- [What the task asks]
The whole listing below is to be copied exactly, with every picture left out.

━━━ Data provided

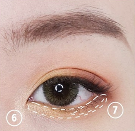 Step5 接下来取**眼影,涂抹在下眼皮前半段。再取橘色眼影,晕染在下眼皮后半段。
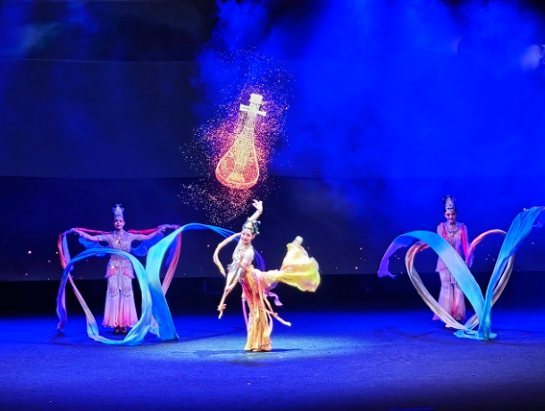 演出在欢快热烈的氛围中拉开帷幕,甘肃省歌舞剧院的艺术家们倾情演绎了以丝绸之路文化为主题的经典舞蹈节目,飘逸的“飞天”舞姿、绚丽的敦煌色彩和动人的丝路风情,深深打动了在场观众。本次演出也是中国传统艺术形式的集中展示:神秘莫测的川剧《变脸》,瞬息万变,引人称奇;高亢嘹亮的唢呐独奏《百鸟朝凤》,描绘出一幅生机盎然的自然画卷;杂技《坛韵》与《鞭响运来》则分别以惊险奇巧的顶坛技艺和清脆响亮的鞭技,展示了力与美的完美结合,寓意对吉祥好运与美好生活的热切向往;舞蹈《丝路民族风》则以欢快的节奏和热情的舞步,展现了丝路沿线各族人民团结友爱、共庆佳节的生动场景。
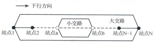 (2025 湖南联考)大小交路是指城市轨道交通列车在线路上的运行距离有长、短路两种方式,在线路的部分区段共线运行,采用大小交路运行是为了缓解客流压力。在规定时间内大交路发车频次较低,小交路发车频次较高。下图为线路及大小交路示意图。据此完成 1~3 题。

━━━━━━

- [Answer]
 Step5 接下来取**眼影,涂抹在下眼皮前半段。再取橘色眼影,晕染在下眼皮后半段。
 演出在欢快热烈的氛围中拉开帷幕,甘肃省歌舞剧院的艺术家们倾情演绎了以丝绸之路文化为主题的经典舞蹈节目,飘逸的“飞天”舞姿、绚丽的敦煌色彩和动人的丝路风情,深深打动了在场观众。本次演出也是中国传统艺术形式的集中展示:神秘莫测的川剧《变脸》,瞬息万变,引人称奇;高亢嘹亮的唢呐独奏《百鸟朝凤》,描绘出一幅生机盎然的自然画卷;杂技《坛韵》与《鞭响运来》则分别以惊险奇巧的顶坛技艺和清脆响亮的鞭技,展示了力与美的完美结合,寓意对吉祥好运与美好生活的热切向往;舞蹈《丝路民族风》则以欢快的节奏和热情的舞步,展现了丝路沿线各族人民团结友爱、共庆佳节的生动场景。
 (2025 湖南联考)大小交路是指城市轨道交通列车在线路上的运行距离有长、短路两种方式,在线路的部分区段共线运行,采用大小交路运行是为了缓解客流压力。在规定时间内大交路发车频次较低,小交路发车频次较高。下图为线路及大小交路示意图。据此完成 1~3 题。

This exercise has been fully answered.